Start of Block

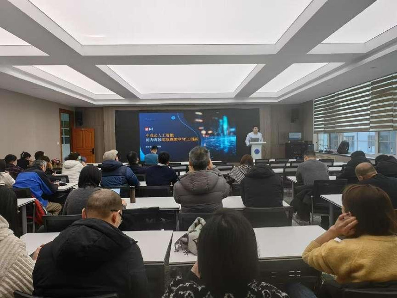 2025年1月2日下午,太阳成城集团tyc234cc教育教学改革与教师发展中心在主楼420会议室组织“思政课教师数智化素养提升”专题培训会,北京世纪超星信息技术发展有限责任公司课程建设工程师朱博瀚以《生成式人工智能,助力高校思政课教学守正创新》为题作专题报告。会议由太阳成城集团tyc234cc党委副书记、副院长潘强主持,全体思政课教师参会。
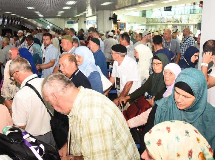 Uprkos jutrošnjoj odgodi leta, hadžije smo zatekli u opuštenoj i veseloj atmosferi, kako uzbuđeno očekuju polazak. Radnici aerodroma poduzeli su sve da njihov odlazak bude ugodan i brz.
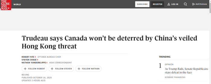 [环球网报道]加拿大还在抹黑中方搞“胁迫外交”。据加拿大《环球邮报》报道,加拿大总理特鲁多16日受访时声称,自己不想与中国陷入不断升级的口水战,但加拿大不会因中国的“胁迫外交”而保持沉默,他还誓言,继续就所谓的“涉港民权”、释放加公民等问题向中国施压。
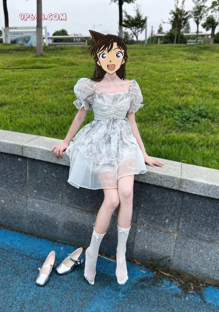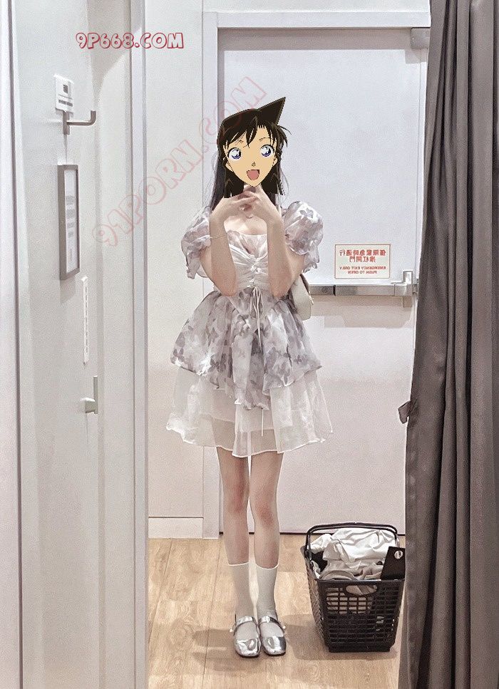 然后穿上肉丝白袜,穿上可爱的公主鞋准备出门了
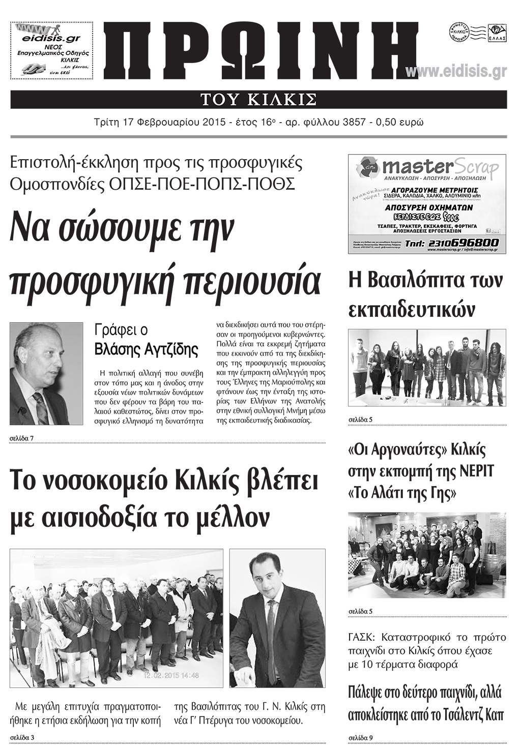 Πέντε χρόνια πριν. Διαβάστε τι έγραφε η καθημερινή εφημερίδα ΠΡΩΙΝΗ του Κιλκίς (17-2-2015)
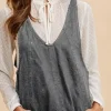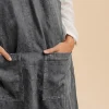 V-Neck Adjustable Strap Denim Overall Dress With Pockets – Charcoal
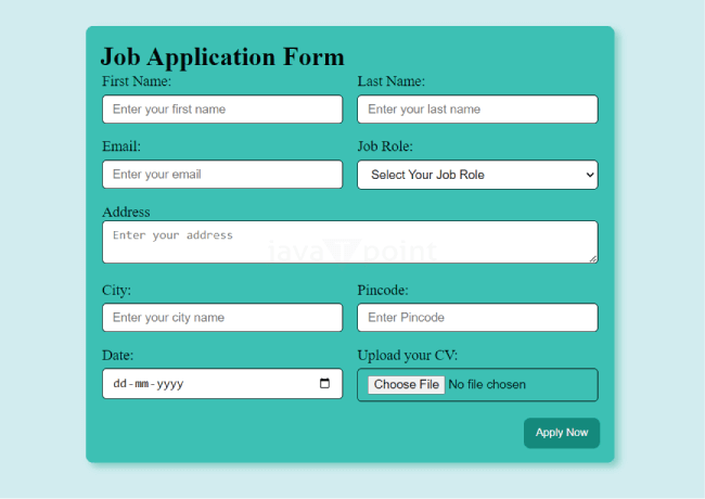 job application form html css javascript kajal sharma
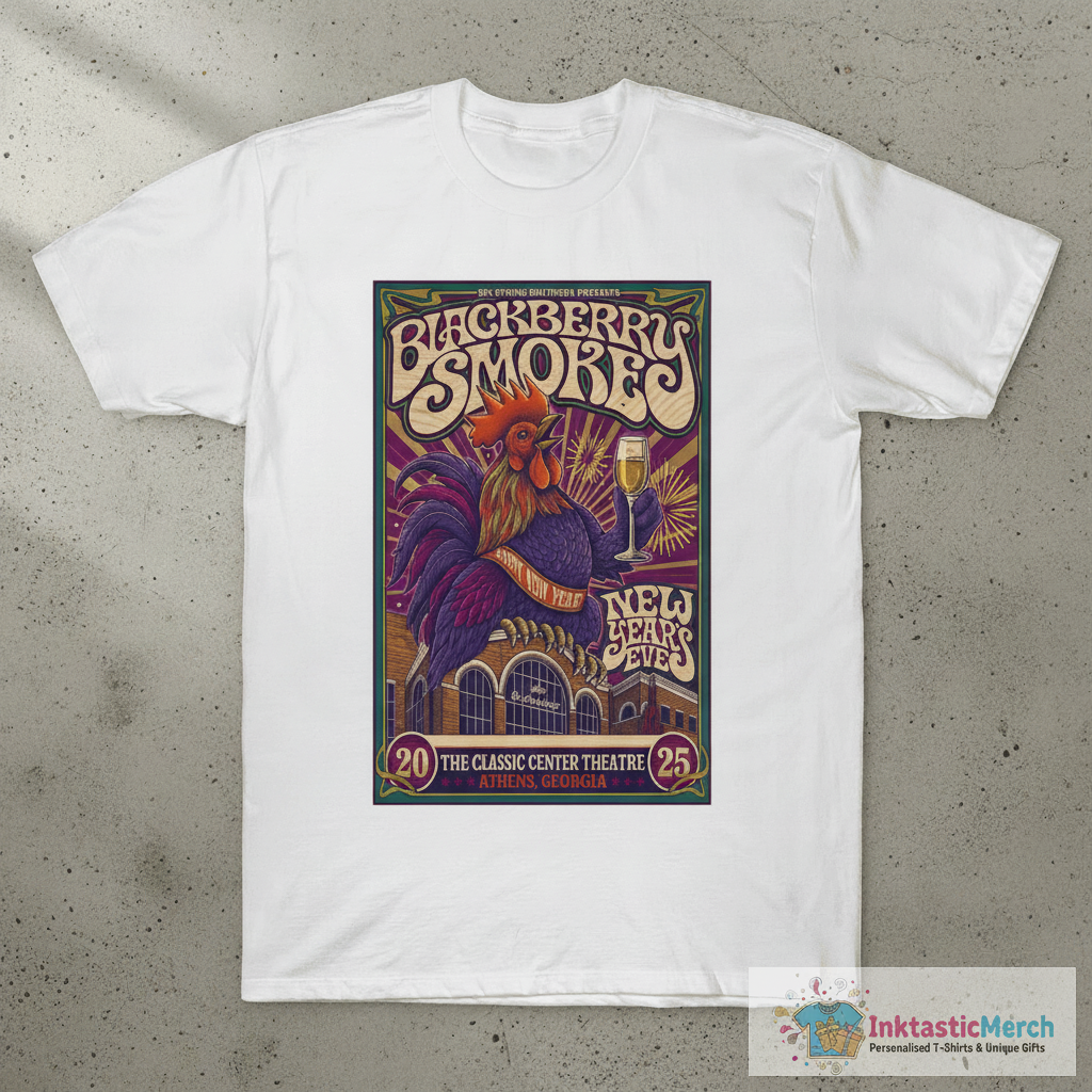 Show off your love for Blackberry Smoke and their iconic New Year’s Eve show with the official Blackberry Smoke The Classic Center NYE Tour Athens, Georgia 2025 Happy New Years Rooster T-shirt, crafted from a premium cotton blend for incredible softness and comfort. This tee features a unique rooster design printed with high-quality inks that last, embodying the band’s classic rock vibe and the spirit of the celebration. Discover more fan-favorite merchandise at inktasticmerch.com.
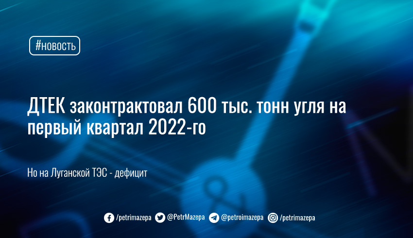 Холдинг ДТЕК, принадлежащий олигарху Ринату Ахметову, законтрактовал 600 тыс. тонн угля на первый квартал следующего года, но имеет дефицит антрацита для Луганской ТЭС.
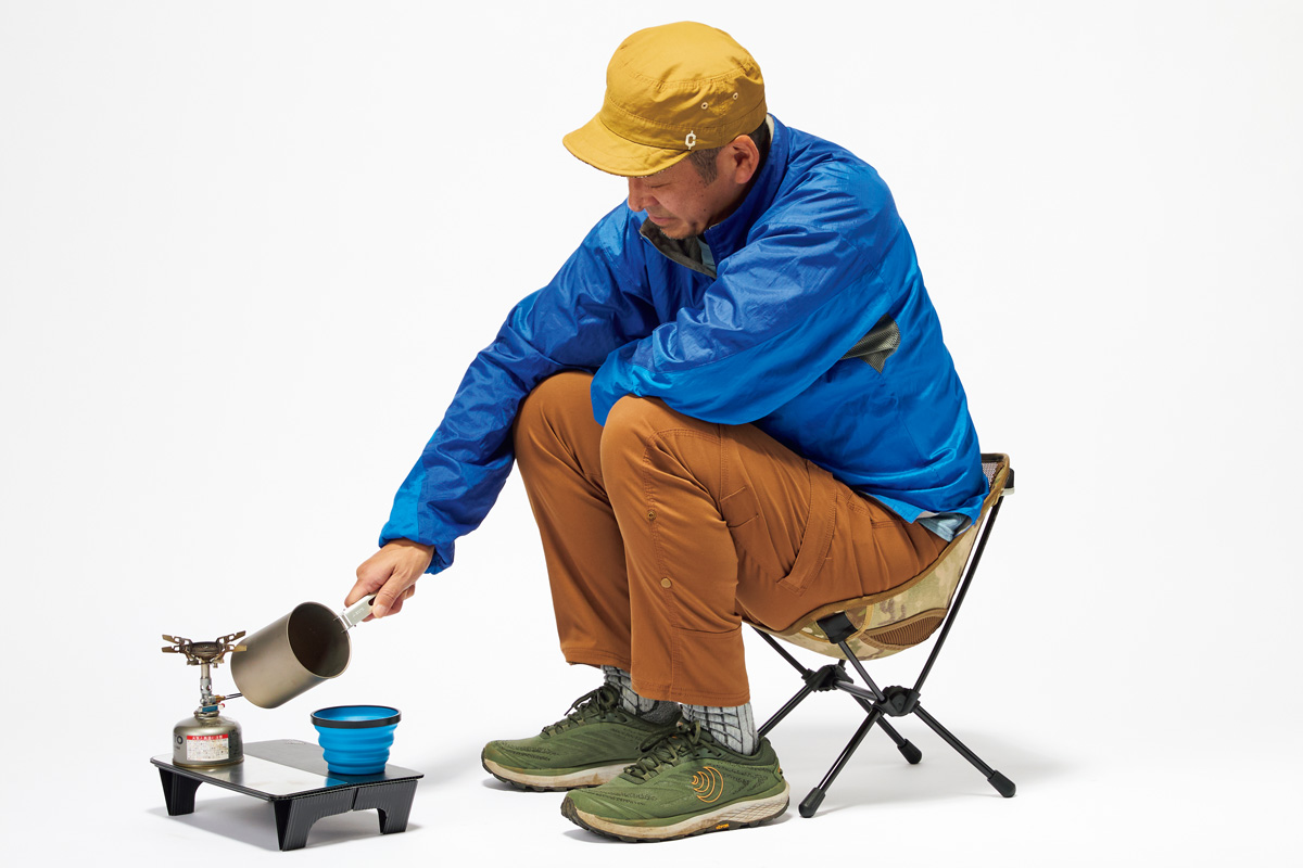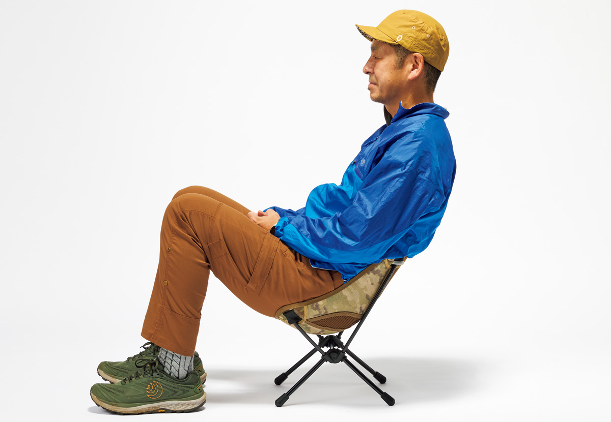 その際、山をダイレクトに感じるために、地面に直に座ることもありだ。けれども背もたれがあったり、座面の高さがあって快適で寛げる、チェア&スツールを使うことが多い。
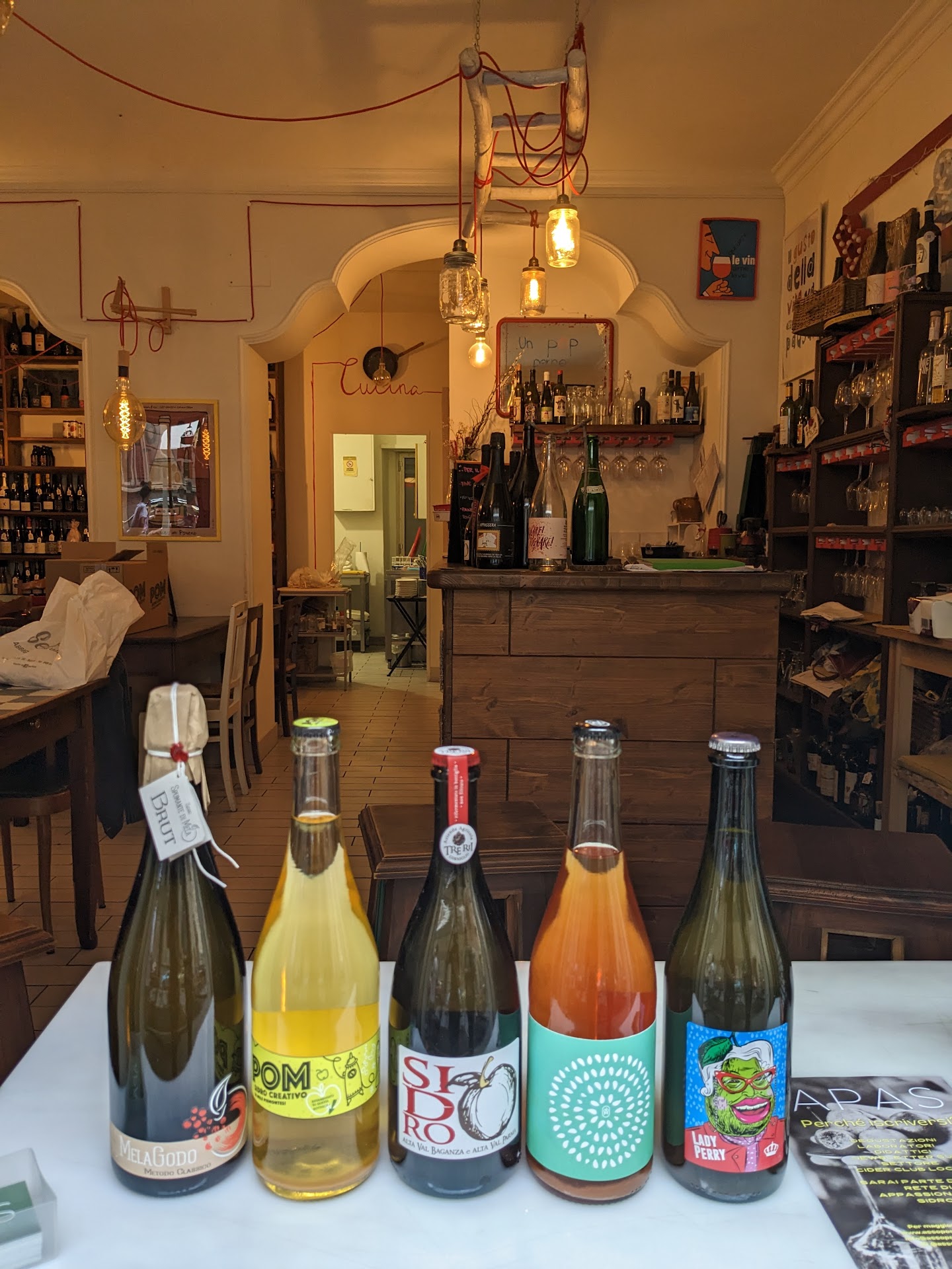 ESPERIENZA IRRIPETIBILE! Ordiniamo un tagliere di salumi e formaggi -sulla carta- per tre persone. Ne arriva uno che basta giusto per una sola. In pratica, tocca dividerci tra noi un assaggino di UNA sola fettina di salumi e formaggi pro-capite, tipo razionamento di guerra. Quando passa la cameriera o la titolare per sapere se è tutto okay, facciamo notare la cosa e lei molto "spiritosamente" risponde "ah, vabbé, me lo segno". Che simpatica! Finiamo in fretta la bottiglia di vino (con sovrapprezzo di 4€ perché consumata al tavolo, ma sorvoliamo...) e andiamo a pagare. Alla cassa, rimarchiamo alla titolare la questione del povero ma costoso tagliere e inizia una sequela di giustificazioni, del tipo che "comunque anche ordinando un tagliere per una sola persona a testa sarebbe toccato una fettina di salame, una di formaggio, una di coppa, ecc per ciascuno" e che "la scarsa quantità era compensata dall'altissima qualità dei prodotti" e, gran finale di supercazzole, "i prezzi sono alti e le quantità sono scarse perché c'è stato il COVID e ora c'è pure la...
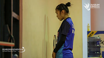 Choirunnisa (Mutiara Cardinal Bandung) mengembalikan shuttlecock
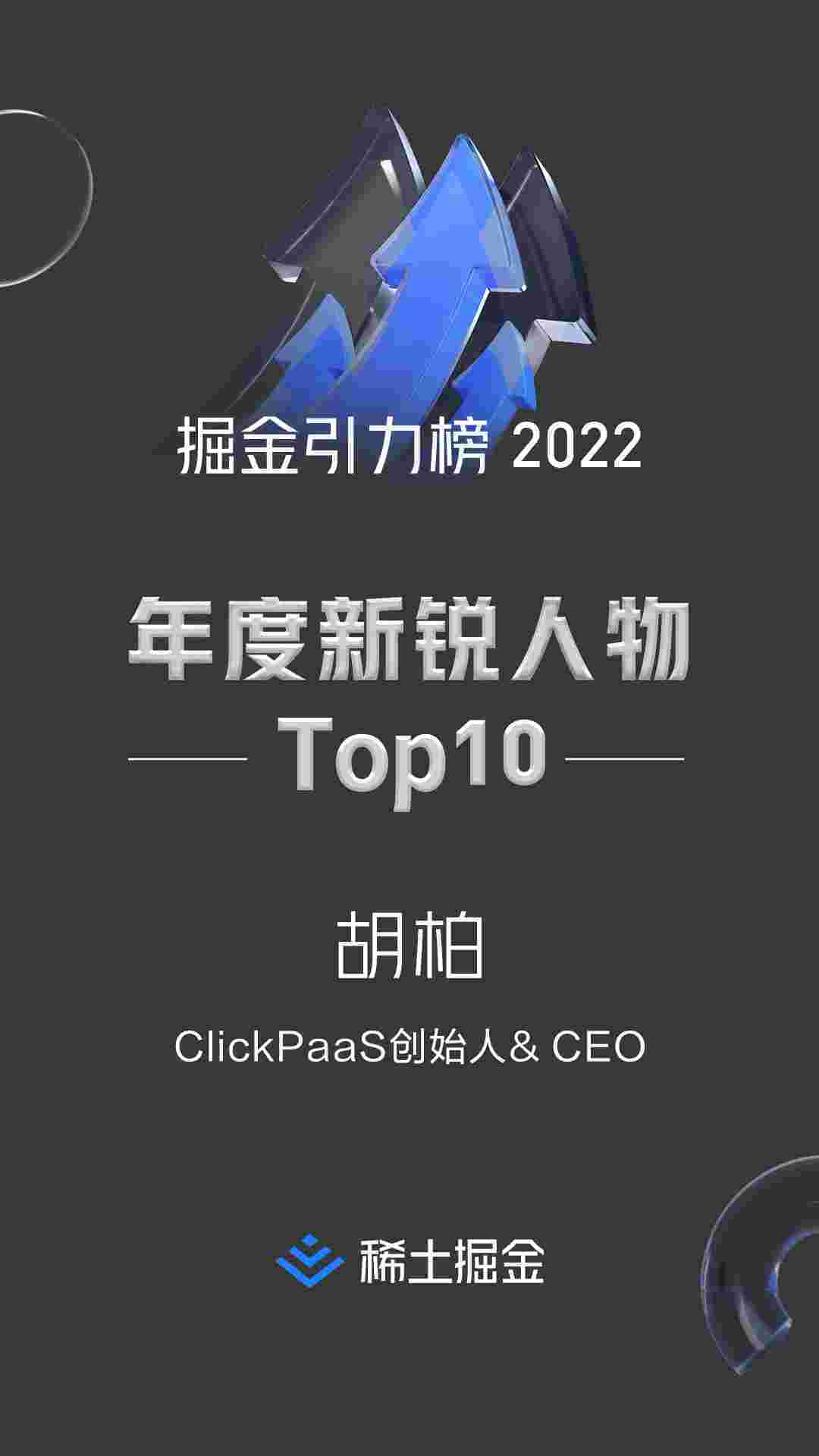 2022年1月6日,,,,稀土掘金社区第一届「掘金未来大会」成功举办,,,会上发布了“2022 稀土掘金引力榜 年度新锐人物”榜单,,上海爱湃斯科技有限公司(简称VIVO钱包)创始人及CEO胡柏实力入选年度新锐人物TOP 10。。。。

End of Block

**Exercise goal:**
Output exactly those lines of the data above that run from the line with "[环球网报道]加拿大还在抹黑" up to and including the line with "job application form". No pictures go in.

**Solved problem:**
 [环球网报道]加拿大还在抹黑中方搞“胁迫外交”。据加拿大《环球邮报》报道,加拿大总理特鲁多16日受访时声称,自己不想与中国陷入不断升级的口水战,但加拿大不会因中国的“胁迫外交”而保持沉默,他还誓言,继续就所谓的“涉港民权”、释放加公民等问题向中国施压。
 然后穿上肉丝白袜,穿上可爱的公主鞋准备出门了
 Πέντε χρόνια πριν. Διαβάστε τι έγραφε η καθημερινή εφημερίδα ΠΡΩΙΝΗ του Κιλκίς (17-2-2015)
 V-Neck Adjustable Strap Denim Overall Dress With Pockets – Charcoal
 job application form html css javascript kajal sharma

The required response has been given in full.